Wives of missing Thai, Lao activists seek action over disappearances

Thomson Reuters Foundation: 20 December 2016

(L-R) Rights activists Shui Meng Ng, Angkhana Neelapaijit, Pinnipa Preuksapan and Angkhana’s daughter Pratubjit Neelapaijit at a news conference in Bangkok, Thailand, December 19, 2017. Thomson Reuters Foundation/Alisa Tang

By Alisa Tang

BANGKOK, Dec 20 (Thomson Reuters Foundation) – The wives of three prominent Southeast Asian human rights campaigners who went missing after being detained by the authorities have united to urge Laos and Thailand to end impunity over forced disappearances.

All three women have become vocal critics of forced disappearances in a region where activists highlighting abuses over human, labour and land rights routinely face threats and violence. Some are gunned down, harassed through lawsuits, or simply “disappeared”.

“The biggest struggle is to get answers,” said Shui Meng Ng, whose husband Sombath Somphone, a Lao activist campaigning for rural development, went missing in December 2012.

The internationally acclaimed activist was last seen at a police checkpoint in the Lao capital Vientiane.

Shui Meng reported Sombath’s case to police, asked lawyers for help, met with ministers and wrote to the prime minister. But her efforts to get information have been fruitless so far, she said.

“At every level, and you are faced with a wall,” Shui Meng told a joint news conference in Bangkok on Monday.

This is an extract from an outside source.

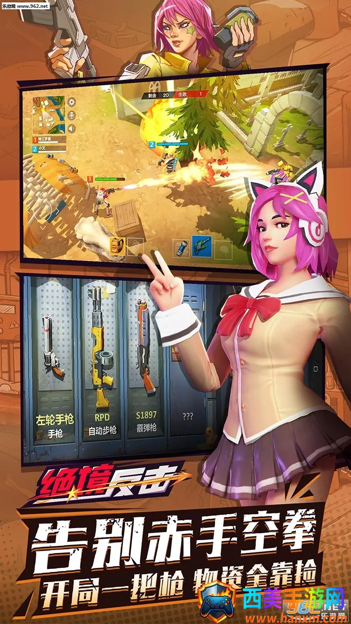 绝境反击游戏优势众多。**色彩鲜明的美式动画画风**,角色精致华丽。有众多游戏地图,能在不同地图吃鸡对战。海量枪械可拾取,体验射击快感,还有拟真射击手感。能获取数量众多的游戏道具,提升体验。操作简单易上手,辅助瞄准功能助玩家轻松入门。无论是画风、地图、枪械,还是道具与操作,都为玩家带来丰富且优质的游戏感受,让人沉浸其中。

“Now after four years, I realise it’s not just Sombath – there are thousands who have disappeared, and we need to find justice. We need truth… It’s a fight against state impunity.”

Pinnipa Preuksapan – whose husband Pholachi “Billy” Rakchongcharoen, an ethnic Karen land rights activist, went missing after being detained by Thai national park authorities, on April 17, 2014 – said police would not take her case seriously.

“The police said ‘How can you file a case? Someone who has been arrested is not missing,'” Pinnapa said.

Thai human rights commissioner Angkhana Neelapaijit said it was painful to see policemen acquitted for the 2004 abduction of her husband, prominent Muslim lawyer and activist Somchai Neelapaijit, climb the ranks of power.

“They’re still promoted to higher and higher positions,” she said, adding that proving cases of forced disappearances by state authorities continues to be a huge challenge.

“It is murder without a body, so whoever tries to find the evidence will not find anything.”